(ABOUT THIS TASK):
In the entries below, locate the line with "- ВЦСПС. Центральное", then give again that line and all lines after it, exactly, with pictures omitted.
SOURCE RECORDS Start Marker
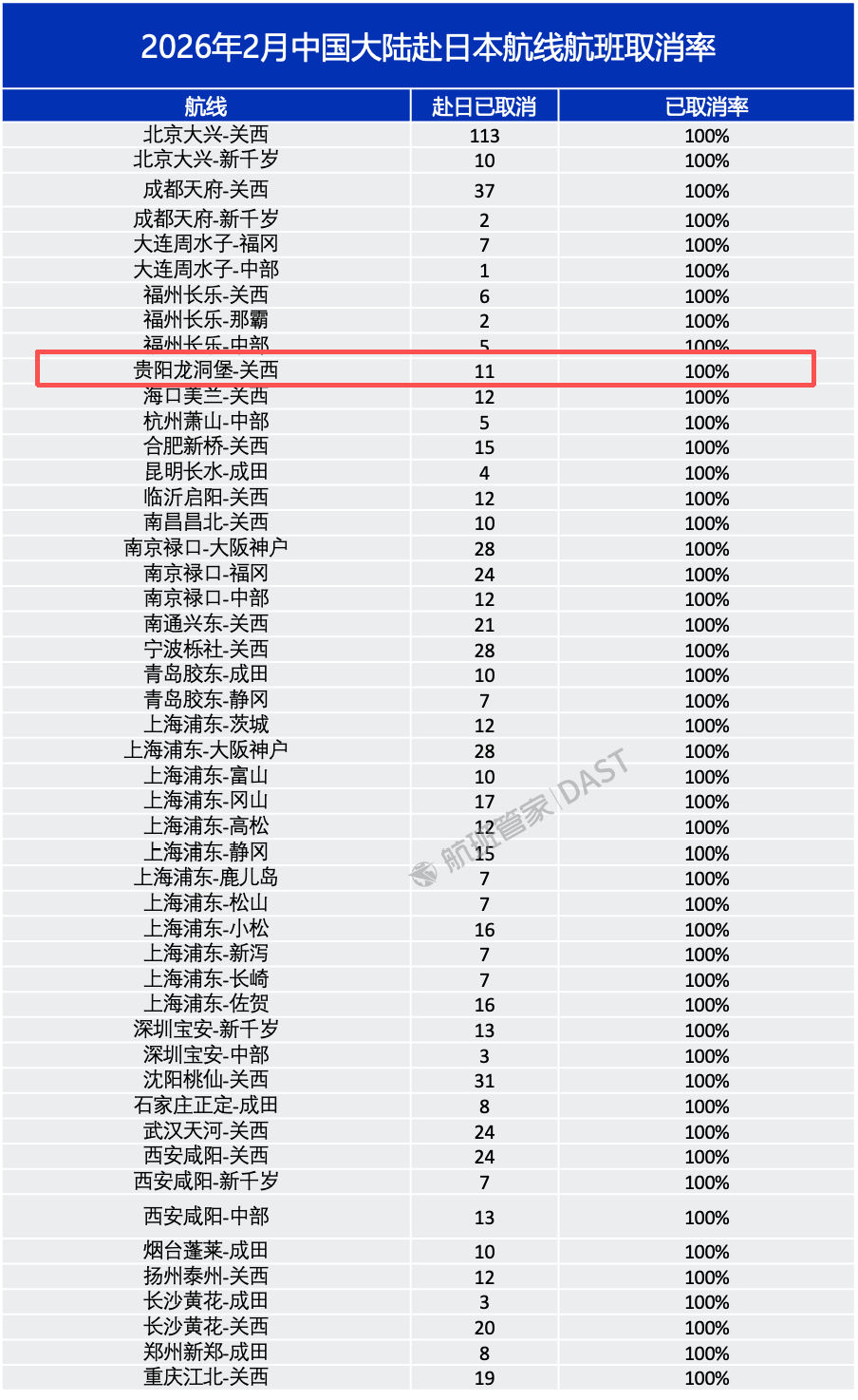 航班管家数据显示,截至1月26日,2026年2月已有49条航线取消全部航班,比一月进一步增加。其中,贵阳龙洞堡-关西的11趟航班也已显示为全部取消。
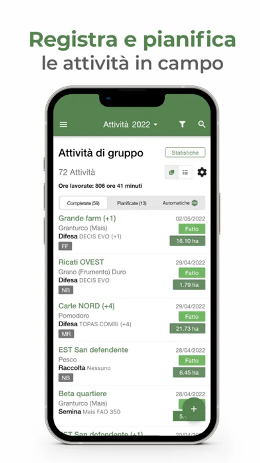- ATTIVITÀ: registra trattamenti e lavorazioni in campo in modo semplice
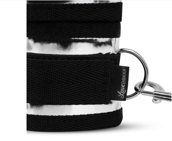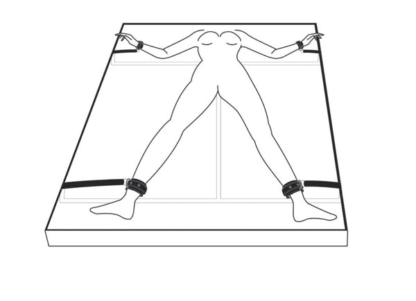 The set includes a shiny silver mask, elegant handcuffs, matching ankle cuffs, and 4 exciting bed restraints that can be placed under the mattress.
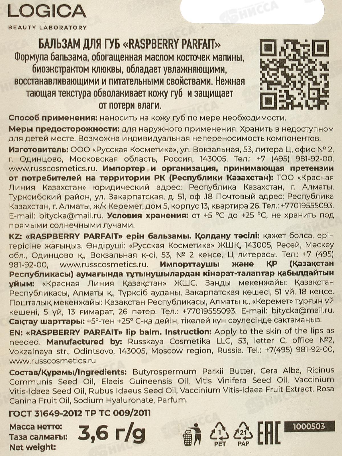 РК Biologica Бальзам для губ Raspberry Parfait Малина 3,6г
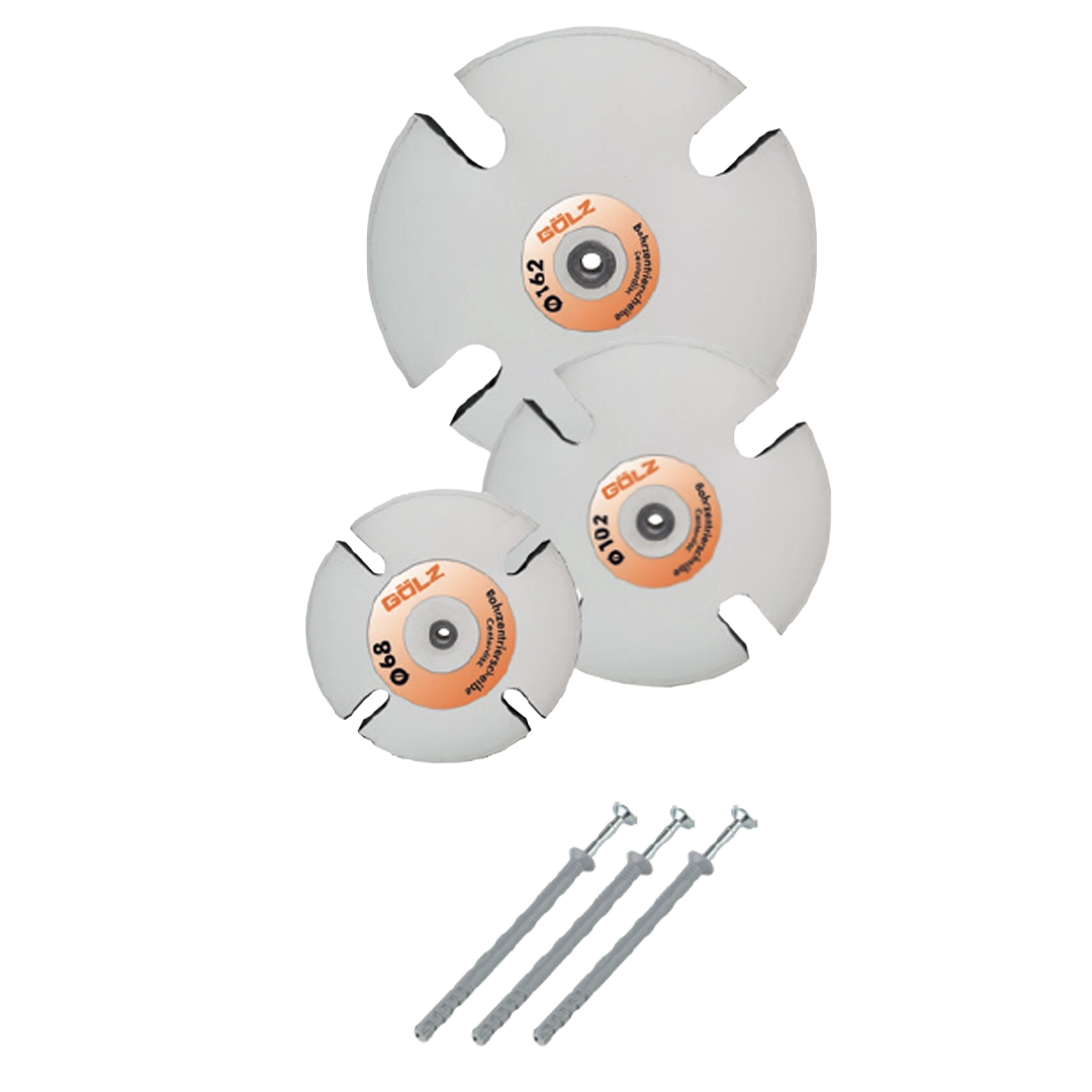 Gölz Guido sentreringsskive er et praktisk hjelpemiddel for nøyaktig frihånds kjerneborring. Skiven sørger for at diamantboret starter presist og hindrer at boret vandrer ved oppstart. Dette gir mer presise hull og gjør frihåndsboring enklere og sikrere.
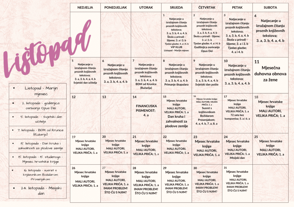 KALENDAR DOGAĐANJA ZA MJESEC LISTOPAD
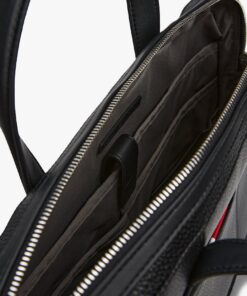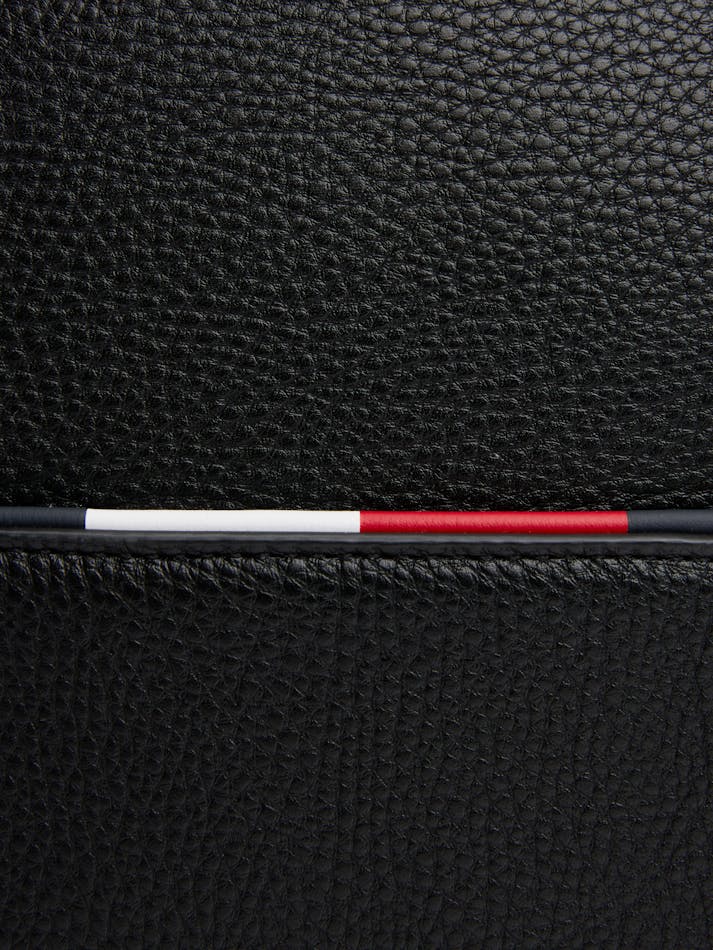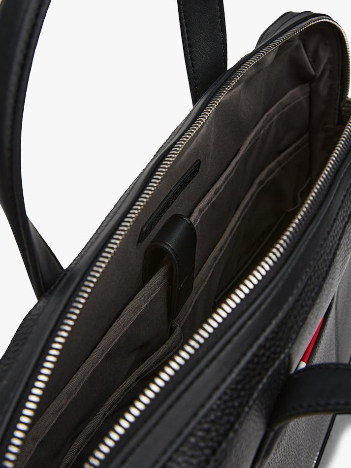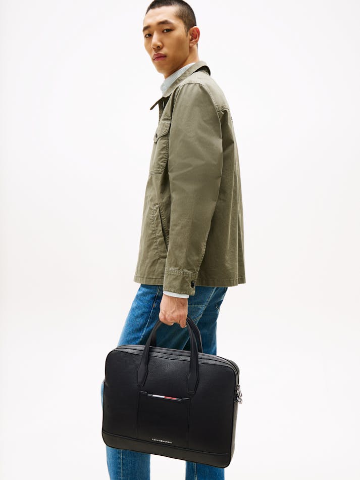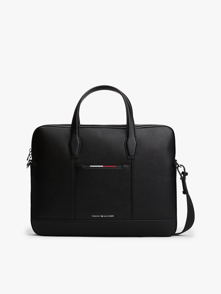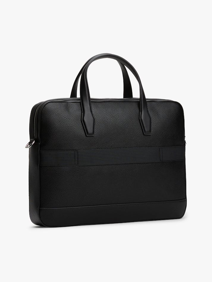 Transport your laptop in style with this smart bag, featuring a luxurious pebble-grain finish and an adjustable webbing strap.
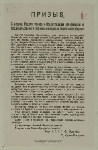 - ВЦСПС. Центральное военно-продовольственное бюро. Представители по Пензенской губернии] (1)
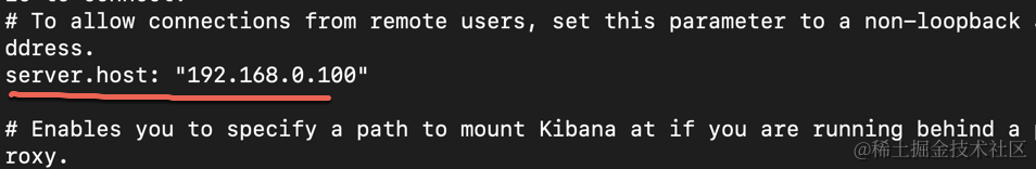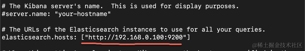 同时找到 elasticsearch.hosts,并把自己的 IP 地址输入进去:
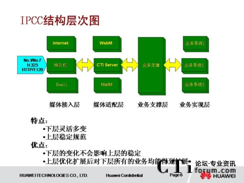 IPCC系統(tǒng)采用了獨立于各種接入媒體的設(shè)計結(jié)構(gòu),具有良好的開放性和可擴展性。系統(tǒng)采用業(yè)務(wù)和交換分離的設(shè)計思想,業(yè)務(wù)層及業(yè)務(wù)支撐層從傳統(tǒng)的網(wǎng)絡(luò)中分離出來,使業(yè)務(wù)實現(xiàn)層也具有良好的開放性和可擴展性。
SOURCE RECORDS End Marker
(EXERCISE ANSWER):
 - ВЦСПС. Центральное военно-продовольственное бюро. Представители по Пензенской губернии] (1)
 同时找到 elasticsearch.hosts,并把自己的 IP 地址输入进去:
 IPCC系統(tǒng)采用了獨立于各種接入媒體的設(shè)計結(jié)構(gòu),具有良好的開放性和可擴展性。系統(tǒng)采用業(yè)務(wù)和交換分離的設(shè)計思想,業(yè)務(wù)層及業(yè)務(wù)支撐層從傳統(tǒng)的網(wǎng)絡(luò)中分離出來,使業(yè)務(wù)實現(xiàn)層也具有良好的開放性和可擴展性。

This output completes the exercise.